Sulfate Resistance of Recycled Aggregate Concrete with GGBS and Fly Ash-Based Geopolymer

• Published in: Materials Vol. 12; no. 8; p. 1247
• Main Authors: Xie, Jianhe, Zhao, Jianbai, Wang, Junjie, Wang, Chonghao, Huang, Peiyan, Fang, Chi
• Format: Journal Article
• Language: English
• Published: Switzerland MDPI AG 16.04.2019; MDPI
• Subjects: Aggregates; Cement; Compression tests; Compressive strength; Concrete; Concrete aggregates; Concrete construction; Construction; Construction materials; Crack propagation; Demolition; Fly ash; geopolymer concrete; Geopolymers; GGBS; Granulation; ground granulated blast furnace slag; hydration mechanism; Mechanical properties; Natural resources; Physical properties; Raw materials; recycled aggregates; Recycled materials; Recycling; sulfate attack; Sulfate resistance; Waste disposal; fly ash; geopolymer concrete; ground granulated blast furnace slag; hydration mechanism; recycled aggregates; sulfate attack
• ISSN: 1996-1944; 1996-1944
• DOI: 10.3390/ma12081247

There is a constant drive for the development of ultra-high-performance concrete using modern green engineering technologies.
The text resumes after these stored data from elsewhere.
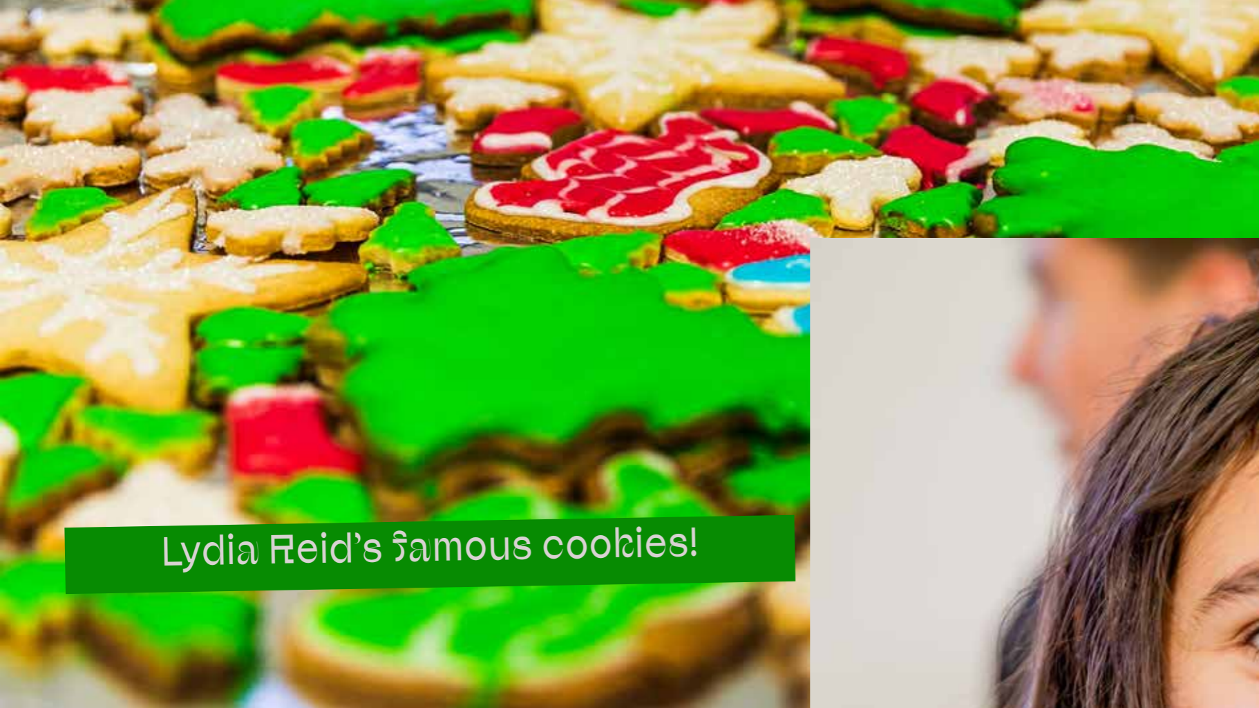
Lydia Reid's famous cookies!
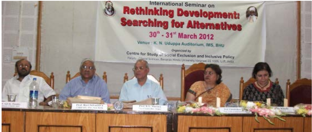
International Seminar on “ Rethinking Development: Searching for Alternatives ” held on 30 th -31 st March 2012
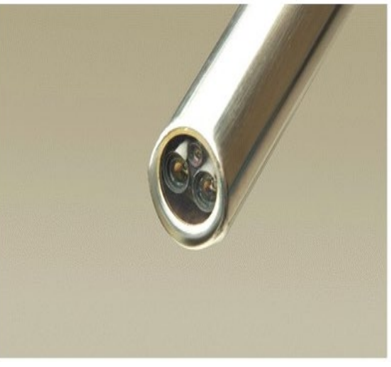
Fig 4. The binocular endoscope consists of two parallel glass rods, each of which transmits a picture to its own camera head.

According to Habuza et al. [8], the area of AI and robotics has made significant advancements in addressing the urgent requirements of the healthcare industry during the ongoing epidemic. Scholars and inventors are offering novel remedies for the escalating difficulties encountered in the healthcare industry because of the COVID-19 pandemic. This section examines the various areas in which Robotics and AI have made significant contributions towards improving the circumstances during the ongoing pandemic. These areas include disinfection, diagnosis, service automation, risk assessment, supply chain management and delivery, tele-healthcare, surveillance, and the acceleration of drug and research development.
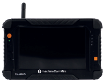
5" Monitor Art. No. 1057
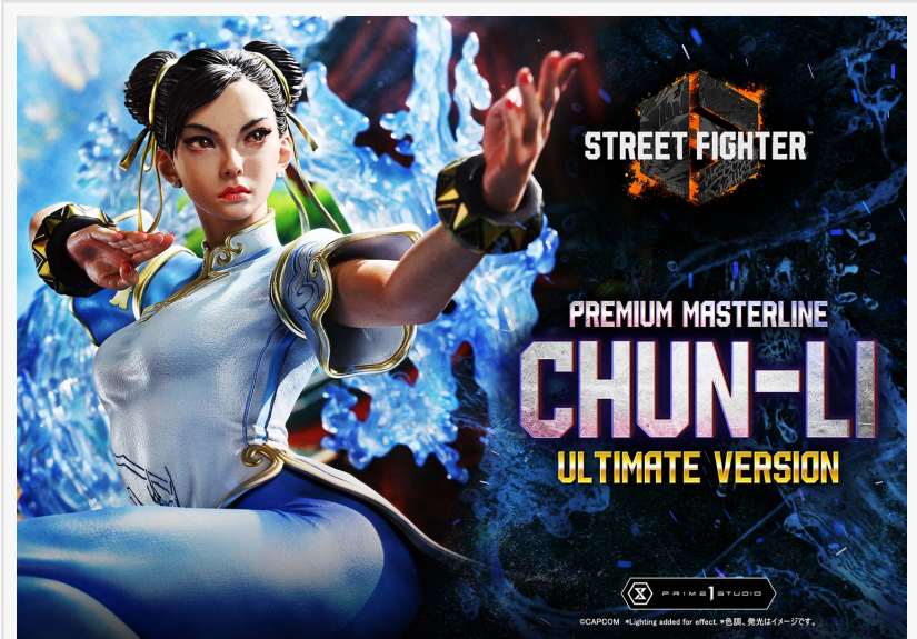
Premium Masterline STREET FIGHTER 6 Chun-Li

An alternate head with a more focused expression can be swapped in. An additional lower body posed on one leg, inspired by the activation of Soten Ranka, is also included. The statue can be displayed in combination with the splashing Effect Wall for a more
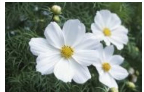
Spring Is Finally Here!!

The Connecticut Glass Dealers Association publishes The Glazier's Point for its members. It is published four times a year. Contributions of all kinds are welcome and encouraged. Letters to the Editor are printed at the discretion of the editorial staff and should be less than 300 words in length. Materials must be submitted to the CGDA headquarters, to the attention of The Glazier's Point . All submitted materials become the property of The Glazier's Point . Materials are subject to review and modification by The Glazier's Point , serving as Editor-in-Chief.
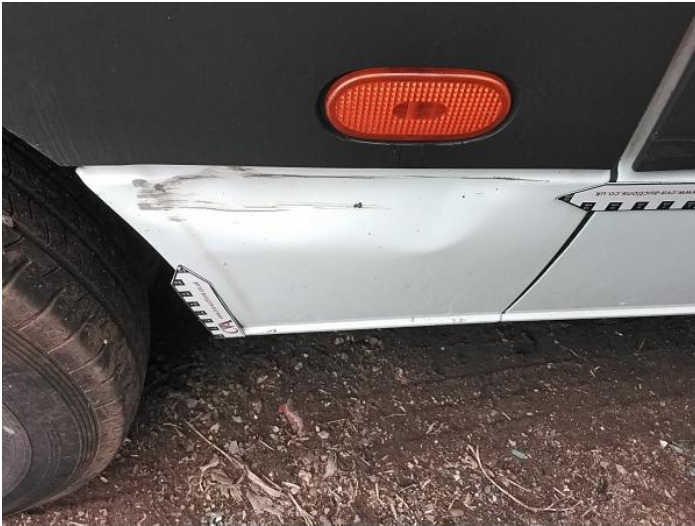
15: Qtr Panel osr Dented Over 30mm
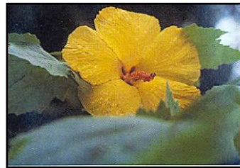
Mao hau hele in flower

Hawaii has more plant species listed as threatened and endangered than any other state. Most of Hawaii’s endangered species have been adversely affected by invasive plants and animals. The Hoolehua Plant Materials Center (PMC) is finding ways to propagate certain T&E species such as ohai ( Sesbania tomentosa ). Ohai occurs on all the
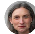
Maxine Dexter OR-03
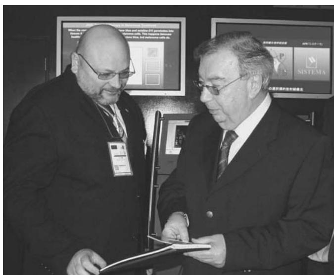
Nagoya (Japan), March. President of the RF Chamber of Commerce and Industry E. Primakov (right) at the JINR exposition at the World Exposition EXPO-2005

These concretes have to exhibit enhanced durability and incorporate energy-saving and environment-friendly functions. The object of this work was to develop a green concrete with an improved sulfate resistance. In this new type of concrete, recycled aggregates from construction and demolition (C&D) waste were used as coarse aggregates, and granulated blast furnace slag (GGBS) and fly ash-based geopolymer were used to totally replace the cement in concrete. This study focused on the sulfate resistance of this geopolymer recycled aggregate concrete (GRAC). A series of measurements including compression, X-ray diffraction (XRD), and scanning electron microscopy (SEM) tests were conducted to investigate the physical properties and hydration mechanisms of the GRAC after different exposure cycles in a sulfate environment. The results indicate that the GRAC with a higher content of GGBS had a lower mass loss and a higher residual compressive strength after the sulfate exposure. The proposed GRACs, showing an excellent sulfate resistance, can be used in construction projects in sulfate environments and hence can reduce the need for cement as well as the disposal of C&D wastes.